Mobil Oil is located near the control side of the continuum according to Rob Esser, thanks to a uniform world-wide IT infrastructure. This is made up of Lotus Notes and Domino Technology developed into Mobil’s Global Environment, Health and Safety (EHS) Network Information Enabler (GENIE).


The aim is to have an EHS management system, to formalize and standardize methodologies managing EHS activities, clarify accountabilities, facilitate sharing of preferred practices and bridge EHS policy and local facility activities. To keep the database growing, the system makes it easy to add and categorize new documents. The knowledge base grows thanks to a work process that reviews and validated EHS best practices. As a document passes through the process, it is marked first as "Validated" and later, if it passes muster, as a "Preferred Practice". GENIE was marketed internally and contributors to the database are recognized and rewarded at environmental awareness events.


David Sims (Schlumberger) observed that most companies do not really have an IT strategy. Applications justify the infrastructure and they are managed ‘tactically.’ Schlumberger prefers to standardize at the network level and to accept that applications, computers, and operating systems will come and go. This allows for greater flexibility at the level of the application. The aim is for organizational creativity rather than precise control. For Schlumberger this translates into a worldwide system which has evolved from a packet switching backbone in 1985, through various protocols to settle on TCP/IP. Currently there are 35,000 users at 450 locations in 60 countries. Sims believes the system is "flexible, powerful and evolutionary" and does not see the need for central control of style or content. As the internet demonstrates, successful indexing does not depend on website style and works ‘just fine.’


Marathon is at a similar position to Schlumberger in the control spectrum, according to Jeremy Zawodny.
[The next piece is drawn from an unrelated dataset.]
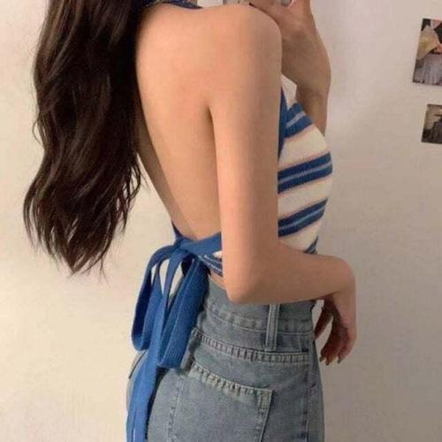[셀럽하우스]여성 SXCT7566 여름 데일리 홀터넥 스트라이프 크롭 민소매 티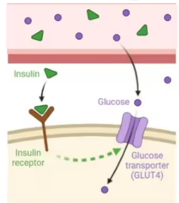 이렇게 비유할 수 있어. 포도당수송체(GLUT4)라는 자물쇠가 인슐린이라는 열쇠로 열려야 포도당이라는 밥을 세포라는 방 안으로 넣어줄 수 있겠지.

Infrastructure is centrally controlled and includes hardware, security and – very importantly – a uniform taxonomy which is the foundation for successful indexing and search.


David Quackenbush, (Luminant) suggested that expectations for web projects should be set high. "If an intranet project takes more than 8 weeks to deliver some functionality and if it does not "stop executives in their tracks," it did not achieve its objectives."